Helen’s argument isn’t a slam dunk, however, given the remarkable opacity of Justice Kennedy’s opinion in Romer. In particular, it is possible to argue that what triggered the “rational basis review with teeth” engaged in by the Court in Romer was not the mere fact that the Colorado amendment targeted homosexuals, but rather, was the unconfined breadth of the Colorado amendment’s potential application. In line with this more limited reading of Romer, the State of Wazoo might argue that unlike the Colorado amendment, the PFVA does not sanction discrimination against gays solely because of their status, nor does it discriminate (or potentially discriminate) against them across the board (e.g. in their possibility of obtaining employment, housing, receipt of government services, etc.). Rather, the State of Wazoo might argue, the PFVA is narrowly directed at a particular form of conduct: namely, the rearing of children by homosexual couples, a form of conduct that the majority of Wazoozians find morally objectionable, in precisely the same way that the majority of Georgians in Bowers found homosexual sodomy to be objectionable.

Which spin on Romer the Court might adopt is anybody’s guess. What is safe to say is that the views of particular justices on the desirability of rearing in children in homosexual households would play a big part in the decision.,

Restricting state health care plan coverage of infertility services to married, heterosexual couples. The final clause of the PFVA restricts the coverage of in vitro services under the state health plan to married, heterosexual couples. Most of you correctly identified the relevant cases here: in Maher and Harris, the Supreme Court ruled that the federal government was not obliged to fund abortions under its Medicaid program, even though the Medicaid program did cover pregnancy services. Both decisions rested on several related premises: 1) while the government may not unduly burden the exercise of a fundamental right like abortion, it is under no affirmative obligation to fund (“subsidize”) the exercise of that fundamental right (allowing for certain narrow exceptions involving criminal trials, etc.); 2) classifications based on wealth do not trigger strict scrutiny, even when they implicate a person’s ability to exercise fundamental right; and 3) the fundamental right to make reproductive decisions free from unwarranted government intrusion does not mean that the government cannot subsidize, and thereby preference, some choices (e.g. pregnancy) over others (e.g. abortion).

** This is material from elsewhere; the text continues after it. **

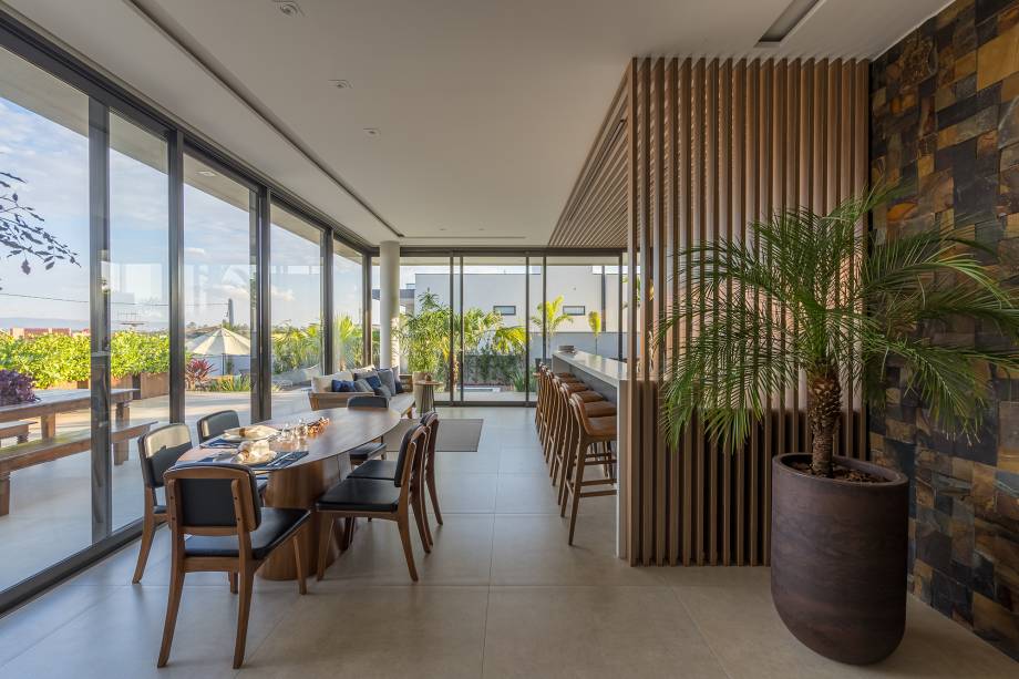Um dos grandes desafios enfrentados pela arquiteta foi gerar grandes aberturas para aproveitar as deslumbrantes vistas de paisagens naturais do condomínio, sem comprometer a privacidade e a integridade da residência.

At first blush, at least, the analogy between the abortion funding cases and this case seems fairly straightforward. First, it is clear that even if a court defines the right to procreate broadly enough to encompass Helen’s desire for in vitro services, and proceeds to strike down the PFVA under either the Due Process Clause or fundamental-rights prong of the Equal Protection Clause, the State of Wazoo remains under no constitutional obligation to subsidize any in vitro services if it doesn’t want to. It seems equally clear that if the State of Wazoo chooses to subsidize some constitutionally protected activities related to procreation (say, providing both coverage for pregnancies and abortions, but not providing in vitro coverage), there is nothing in the Fourteenth Amendment to prevent them from making that choice.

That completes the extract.